> [Dataset content]:

Segment Open

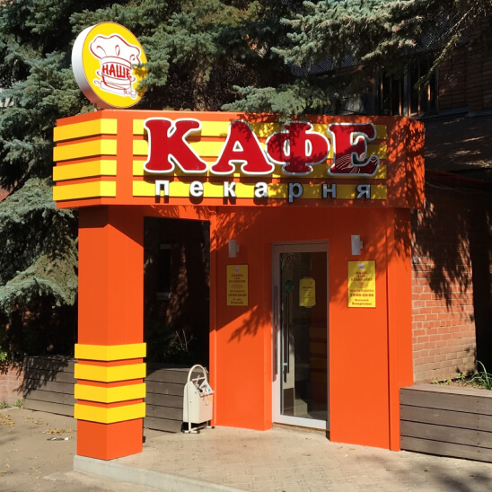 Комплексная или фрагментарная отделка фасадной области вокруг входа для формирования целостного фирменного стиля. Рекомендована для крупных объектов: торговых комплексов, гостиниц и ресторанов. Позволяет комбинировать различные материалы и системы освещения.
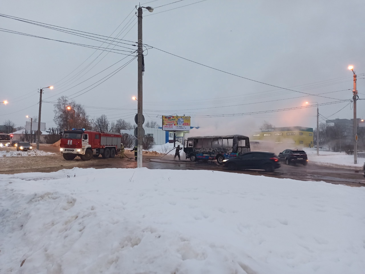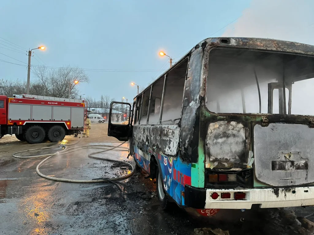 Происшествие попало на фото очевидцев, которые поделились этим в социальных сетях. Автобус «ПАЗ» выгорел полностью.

Segment Closed
Segment Open

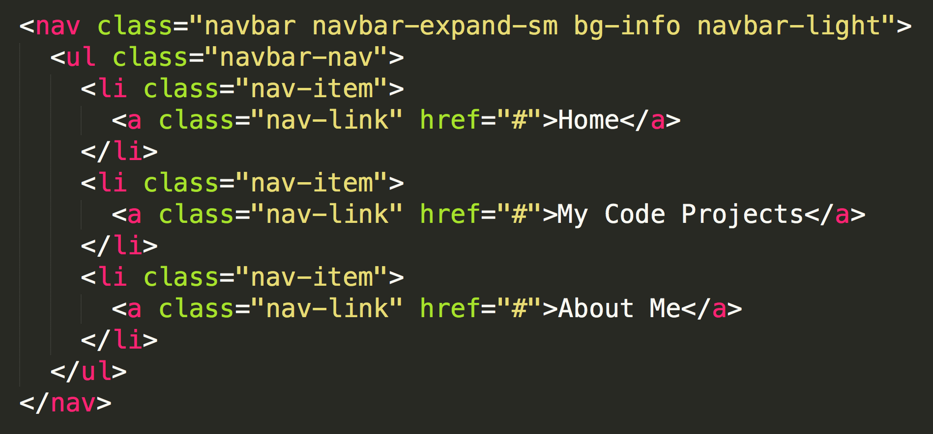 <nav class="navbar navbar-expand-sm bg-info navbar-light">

Segment Closed

Output exactly those lines of the data above that run from the line with "Комплексная или фрагментарная" up to and including the line with "Происшествие попало на". No pictures go in.

 Комплексная или фрагментарная отделка фасадной области вокруг входа для формирования целостного фирменного стиля. Рекомендована для крупных объектов: торговых комплексов, гостиниц и ресторанов. Позволяет комбинировать различные материалы и системы освещения.
 Происшествие попало на фото очевидцев, которые поделились этим в социальных сетях. Автобус «ПАЗ» выгорел полностью.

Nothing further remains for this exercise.